Here is a template of what your letter could look like:

 

To: Landlord Name

From: Tenant Name

Address: Your Address

[date]

 

On [date] I received a letter from you stating the construction would begin on [date].

As you know, we are facing stay at home orders during an unprecedented global pandemic. I am doing everything in my capacity to stay healthy so that I can continue to pay the rent I owe you on time.

I am worried that this construction is non-essential during this time and would like to ask that you postpone this work in my unit until the pandemic is over. 

Please let me know how you can plan to modify the project timeline to help me follow public health guidelines and stay safe.

 

Sincerely

[signature]

 

Step 2 — Invoke the Ontario Human Rights Code

People who are immuno-compromised or have other factors that make them feel they could benefit from invoking Ontario disability laws can invoke the Ontario Human Rights Code. You can find out if the Human Rights Code applies to your situation by using this resource they provide. You do not have to explain why you are invoking the Ontario Human Rights Code — your landlord is not your doctor and does not have a right to demand that information. The template letter you can send your landlord invoking the human rights code would look like this.

To: Landlord Name

From: Tenant Name

Address: Your Address

[date]

 

On [date] I received a letter from you stating the construction would begin on [date].

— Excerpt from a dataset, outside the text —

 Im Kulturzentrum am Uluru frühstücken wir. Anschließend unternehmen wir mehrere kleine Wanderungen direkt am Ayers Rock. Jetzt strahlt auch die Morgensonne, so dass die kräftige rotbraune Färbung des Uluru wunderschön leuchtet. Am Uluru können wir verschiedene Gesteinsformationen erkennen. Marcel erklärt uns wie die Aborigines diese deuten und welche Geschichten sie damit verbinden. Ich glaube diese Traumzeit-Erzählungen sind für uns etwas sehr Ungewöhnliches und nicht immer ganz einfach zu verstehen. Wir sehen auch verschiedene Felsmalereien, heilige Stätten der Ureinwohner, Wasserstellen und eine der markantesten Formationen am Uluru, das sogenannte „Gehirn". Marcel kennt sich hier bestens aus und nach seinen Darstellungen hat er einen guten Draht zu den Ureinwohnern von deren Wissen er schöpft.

As you know, we are facing stay at home orders during an unprecedented global pandemic. I am doing everything in my capacity to stay healthy so that I can continue to pay the rent I owe you on time.

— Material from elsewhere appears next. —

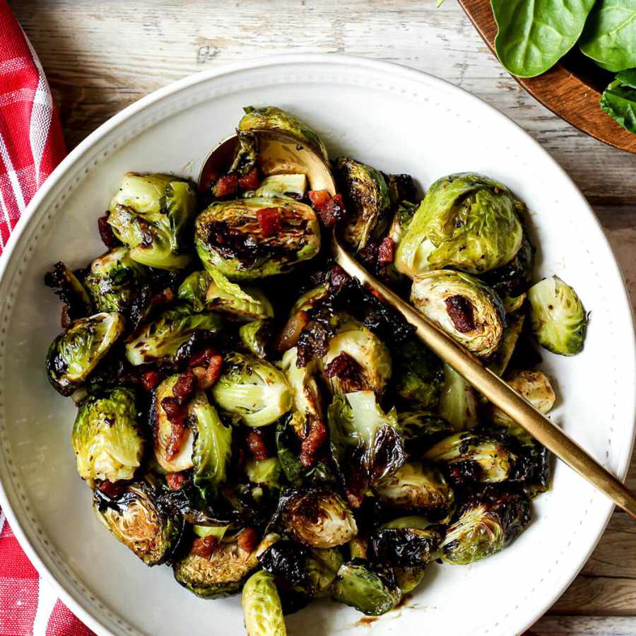 Dùng một chiếc chảo nướng, cho cải chíp với cải Brussels, dầu ôliu và các thành phần nguyên liệu khác vào, đảo đều và nướng ở nhiệt độ 200°C trong 30 phút. Chia hỗn hợp rau ra đĩa và thưởng thức

I am worried that this construction is non-essential during this time and would like to ask that you postpone this work in my unit until the pandemic is over. I would like to raise that I have the right to reasonable accommodation of my health needs under the Ontario Human Rights Code, and I would ask that you take this into consideration.

Please let me know how you can modify the project timeline to meet my right for reasonable accommodation.

 

Sincerely,

[signature]

 

Step 3 — Reach Out to My Office

If you have invoked the Ontario Human Rights Code and your landlord is still refusing to modify project timelines for non-essential repair, my office can look at your particular case and circumstance and advocate for you to your landlord. 

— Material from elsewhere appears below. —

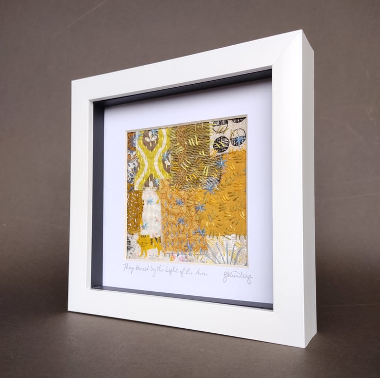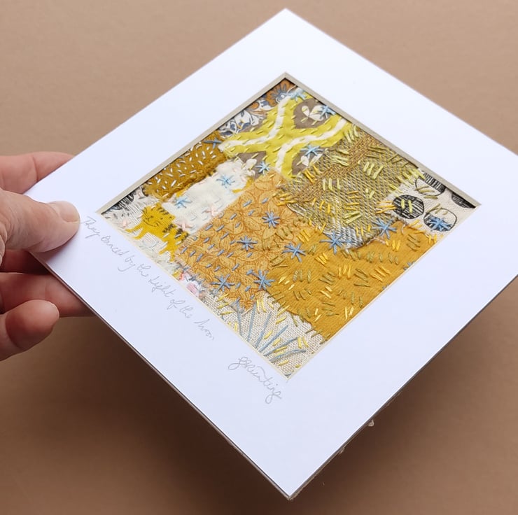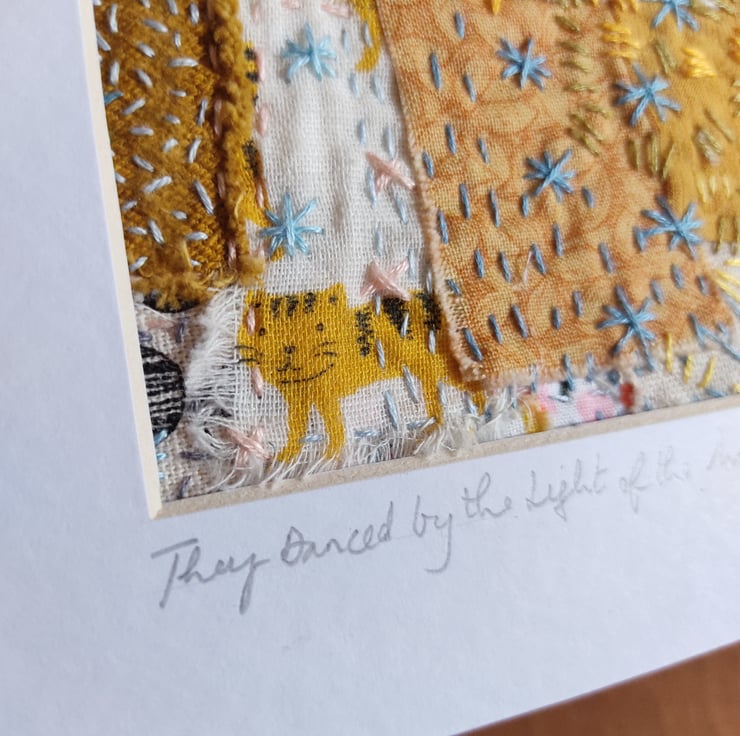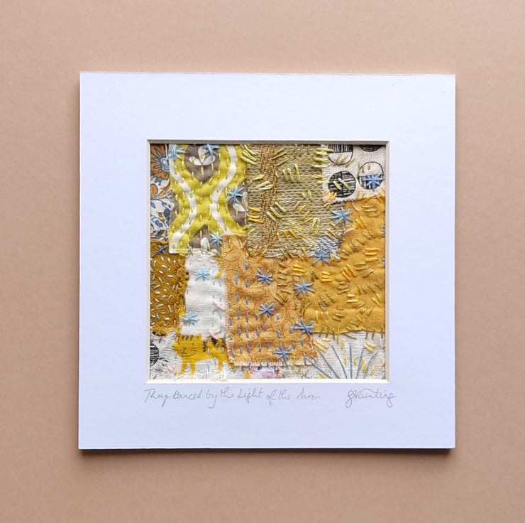 "They Dance by the Light of the Moon" is a unique handstitched and embroidered fabric collage. Its title is a line taken from one of my favourite poems, "The Owl and the Pussycat". Its harvest colour palette makes it an ideal partner work to "Flax Seeds", also available in my shop.

You may have grounds to file a T2 — An Application About Tenant Rights at the Landlord & Tenant Board. Sections 20-23 of the Residential Tenancies Act, 2006 require that landlords comply with safety standards, honour tenants’ right to reasonable enjoyment of their unit, and guarantee tenants’ right to be free from harassment from their landlord. If problems with your landlord persist, and you decide to pursue a case at the Landlord Tenant Board, please consider contacting legal aid or a lawyer. 

Email: [email protected]

Phone: 416-763-5630 

 

Step 4 — Reach Out To Your Neighbours Because Tenants Are Stronger When They Organize Together

Here are some resources to help you organize a tenants’ association.

 

You can get in touch with the Federation of Metro Tenant Associations’ Tenant Organizer by emailing [email protected] 

 

Organizing a Tenants' Association

 

Other Public Health Concerns

If you see people entering common areas not wearing masks, call or email the City of Toronto to request enforcement by phoning 311 or emailing [email protected].

If you live in a building with 10 or more units, and construction activities or other work in the building is impacting the services and safety of residents (for example: pests, plumbing problems, and extended periods of vital service disruption), contact RentSafeTO.